* Exercise: All pictures are to be omitted while the lines starting at the line with "Over on the" and ending at the line with "Überleben Fliegenaufkleber, grau" in the material below are retyped exactly, both ends included.

* Raw data:
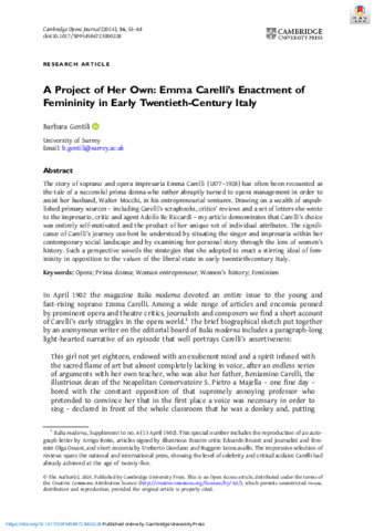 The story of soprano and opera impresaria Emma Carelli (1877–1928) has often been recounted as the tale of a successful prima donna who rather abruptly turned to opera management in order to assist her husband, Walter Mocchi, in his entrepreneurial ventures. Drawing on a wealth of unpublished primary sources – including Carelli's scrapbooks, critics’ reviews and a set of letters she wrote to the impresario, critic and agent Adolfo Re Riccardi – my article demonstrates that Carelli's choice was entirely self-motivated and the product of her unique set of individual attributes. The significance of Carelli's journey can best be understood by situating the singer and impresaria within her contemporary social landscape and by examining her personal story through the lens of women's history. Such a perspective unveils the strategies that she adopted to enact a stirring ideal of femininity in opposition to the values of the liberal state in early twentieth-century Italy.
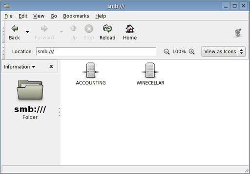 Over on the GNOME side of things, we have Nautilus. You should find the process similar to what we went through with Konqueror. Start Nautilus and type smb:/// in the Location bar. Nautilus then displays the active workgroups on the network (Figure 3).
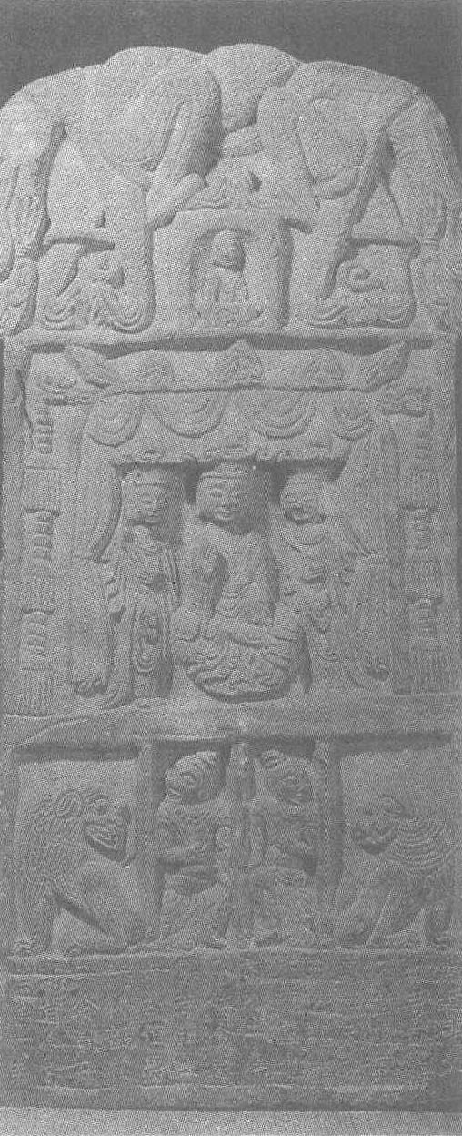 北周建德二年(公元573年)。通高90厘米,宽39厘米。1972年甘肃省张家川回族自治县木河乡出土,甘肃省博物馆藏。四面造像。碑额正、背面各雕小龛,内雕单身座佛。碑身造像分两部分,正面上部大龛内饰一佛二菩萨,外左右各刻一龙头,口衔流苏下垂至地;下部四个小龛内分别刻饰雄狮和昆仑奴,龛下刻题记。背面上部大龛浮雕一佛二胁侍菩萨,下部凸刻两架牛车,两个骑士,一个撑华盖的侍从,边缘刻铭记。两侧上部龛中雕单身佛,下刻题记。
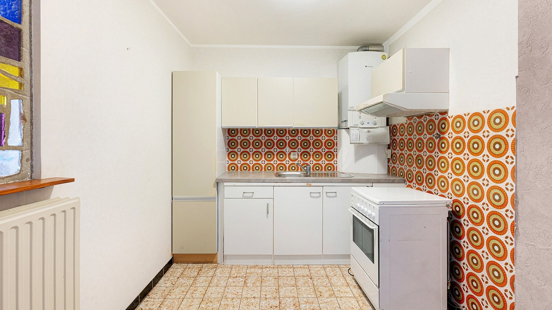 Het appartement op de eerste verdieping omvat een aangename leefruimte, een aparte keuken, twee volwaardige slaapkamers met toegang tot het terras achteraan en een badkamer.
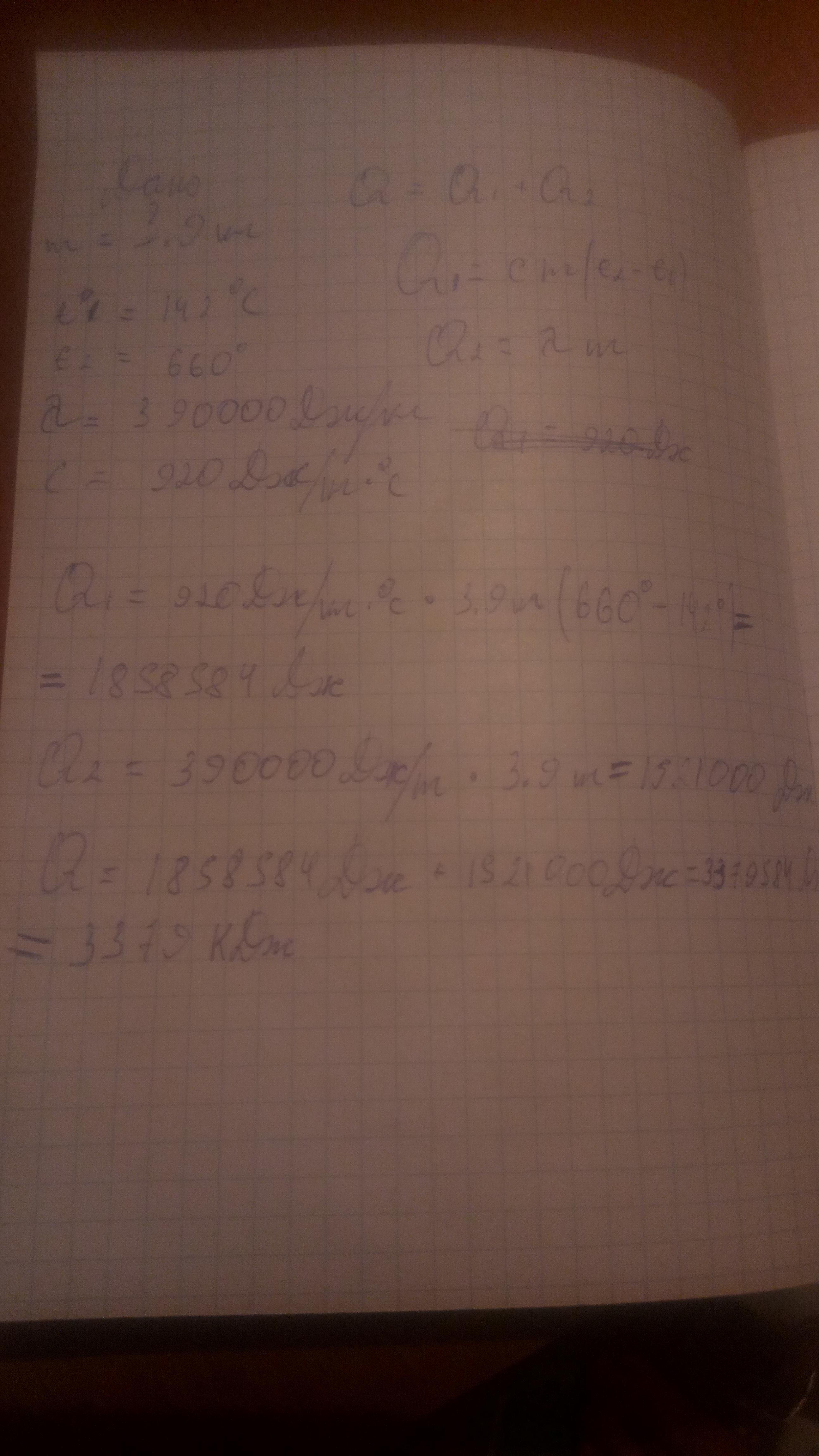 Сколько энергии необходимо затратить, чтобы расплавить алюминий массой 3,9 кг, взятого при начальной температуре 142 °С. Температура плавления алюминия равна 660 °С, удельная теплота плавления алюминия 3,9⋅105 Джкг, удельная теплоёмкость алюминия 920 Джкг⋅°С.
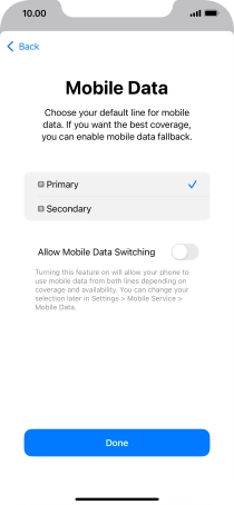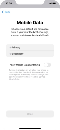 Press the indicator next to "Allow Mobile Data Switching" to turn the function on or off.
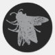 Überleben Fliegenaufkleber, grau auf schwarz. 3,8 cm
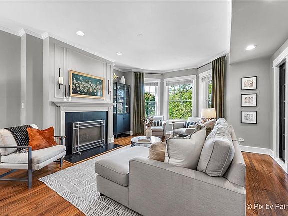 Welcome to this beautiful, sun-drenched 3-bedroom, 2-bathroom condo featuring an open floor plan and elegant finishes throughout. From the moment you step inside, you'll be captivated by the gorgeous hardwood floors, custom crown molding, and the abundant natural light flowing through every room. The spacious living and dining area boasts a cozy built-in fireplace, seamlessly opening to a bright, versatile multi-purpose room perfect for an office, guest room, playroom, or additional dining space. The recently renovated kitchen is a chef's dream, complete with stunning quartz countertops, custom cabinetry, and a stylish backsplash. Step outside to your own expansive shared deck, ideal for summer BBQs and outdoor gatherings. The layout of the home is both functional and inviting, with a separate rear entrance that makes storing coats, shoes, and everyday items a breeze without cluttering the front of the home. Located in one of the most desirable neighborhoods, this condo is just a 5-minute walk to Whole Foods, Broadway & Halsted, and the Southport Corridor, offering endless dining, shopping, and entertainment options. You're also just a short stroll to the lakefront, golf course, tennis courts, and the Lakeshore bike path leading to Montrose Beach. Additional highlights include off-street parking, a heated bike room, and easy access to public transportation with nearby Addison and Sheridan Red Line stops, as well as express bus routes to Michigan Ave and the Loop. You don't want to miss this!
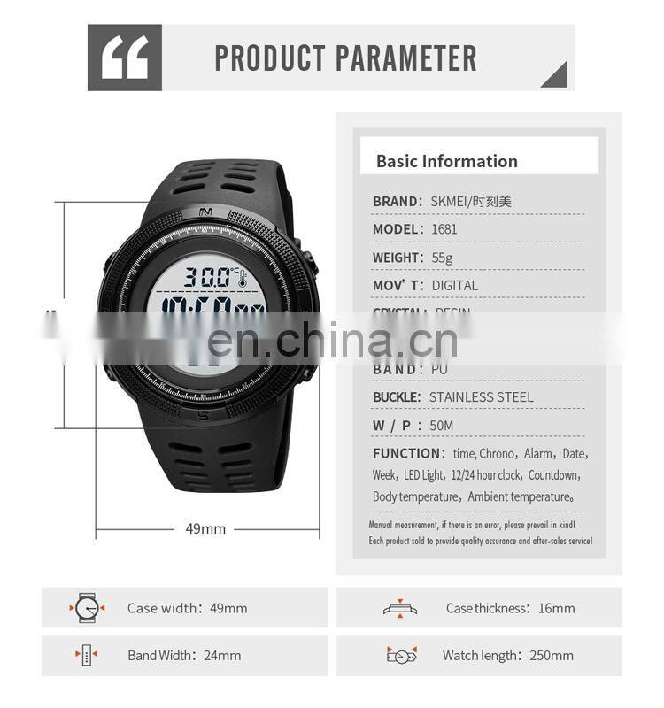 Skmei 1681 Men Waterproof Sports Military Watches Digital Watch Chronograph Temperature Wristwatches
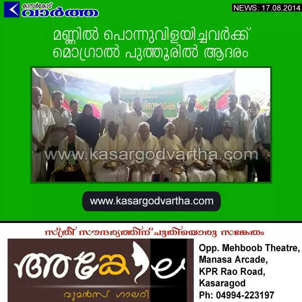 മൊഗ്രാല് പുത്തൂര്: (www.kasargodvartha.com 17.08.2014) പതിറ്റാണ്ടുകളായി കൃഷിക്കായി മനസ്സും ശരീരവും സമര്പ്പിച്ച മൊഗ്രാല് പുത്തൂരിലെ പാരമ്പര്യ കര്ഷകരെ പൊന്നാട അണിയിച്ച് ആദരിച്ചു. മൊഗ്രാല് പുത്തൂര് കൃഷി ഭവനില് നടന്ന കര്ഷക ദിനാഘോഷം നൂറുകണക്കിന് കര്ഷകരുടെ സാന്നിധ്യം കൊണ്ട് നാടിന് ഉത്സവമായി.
--
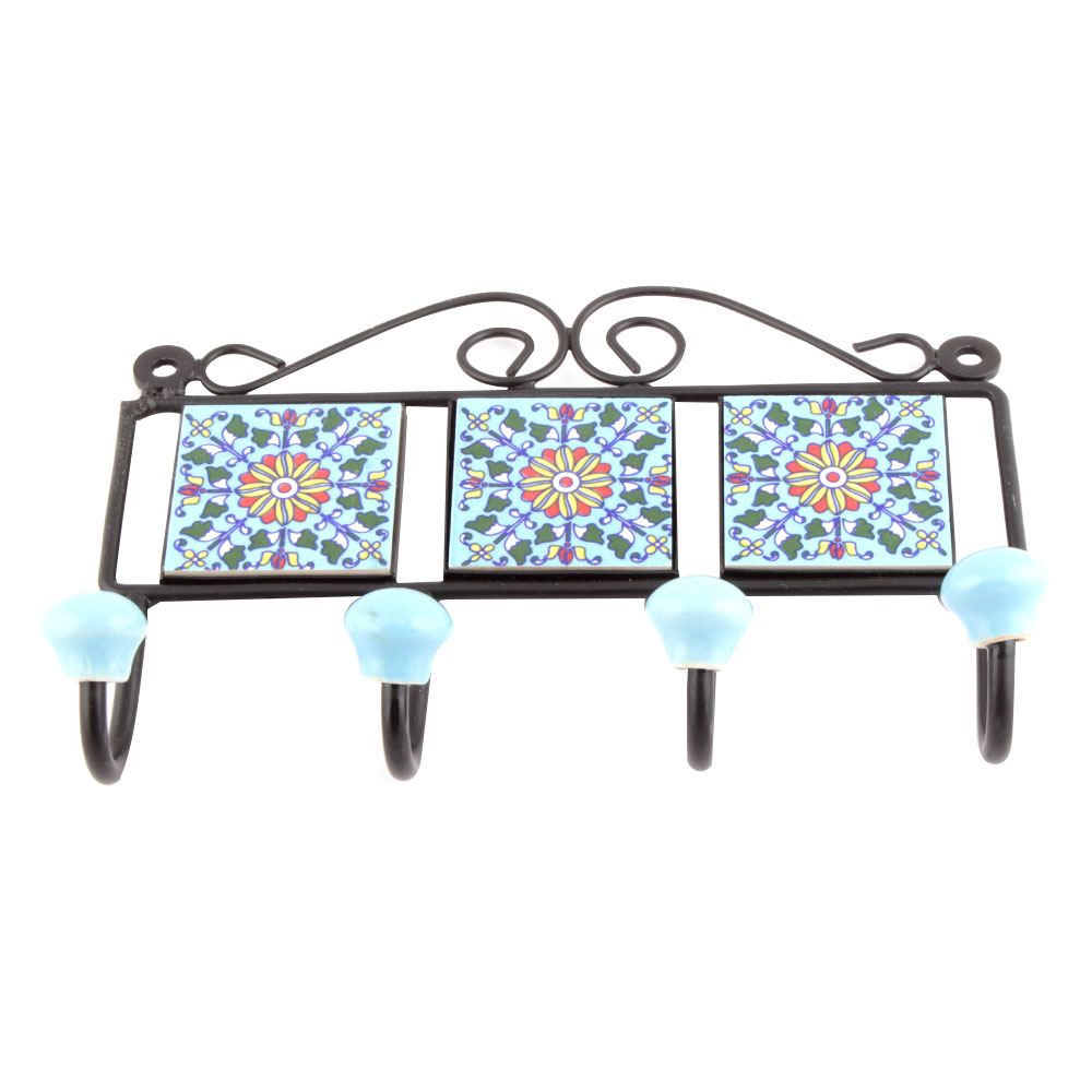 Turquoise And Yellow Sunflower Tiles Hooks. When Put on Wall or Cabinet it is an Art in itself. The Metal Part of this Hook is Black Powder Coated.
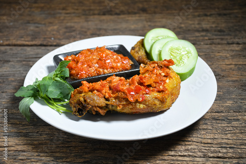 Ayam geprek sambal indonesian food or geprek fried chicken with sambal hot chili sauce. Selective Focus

* Written answer:
 Over on the GNOME side of things, we have Nautilus. You should find the process similar to what we went through with Konqueror. Start Nautilus and type smb:/// in the Location bar. Nautilus then displays the active workgroups on the network (Figure 3).
 北周建德二年(公元573年)。通高90厘米,宽39厘米。1972年甘肃省张家川回族自治县木河乡出土,甘肃省博物馆藏。四面造像。碑额正、背面各雕小龛,内雕单身座佛。碑身造像分两部分,正面上部大龛内饰一佛二菩萨,外左右各刻一龙头,口衔流苏下垂至地;下部四个小龛内分别刻饰雄狮和昆仑奴,龛下刻题记。背面上部大龛浮雕一佛二胁侍菩萨,下部凸刻两架牛车,两个骑士,一个撑华盖的侍从,边缘刻铭记。两侧上部龛中雕单身佛,下刻题记。
 Het appartement op de eerste verdieping omvat een aangename leefruimte, een aparte keuken, twee volwaardige slaapkamers met toegang tot het terras achteraan en een badkamer.
 Сколько энергии необходимо затратить, чтобы расплавить алюминий массой 3,9 кг, взятого при начальной температуре 142 °С. Температура плавления алюминия равна 660 °С, удельная теплота плавления алюминия 3,9⋅105 Джкг, удельная теплоёмкость алюминия 920 Джкг⋅°С.
 Press the indicator next to "Allow Mobile Data Switching" to turn the function on or off.
 Überleben Fliegenaufkleber, grau auf schwarz. 3,8 cm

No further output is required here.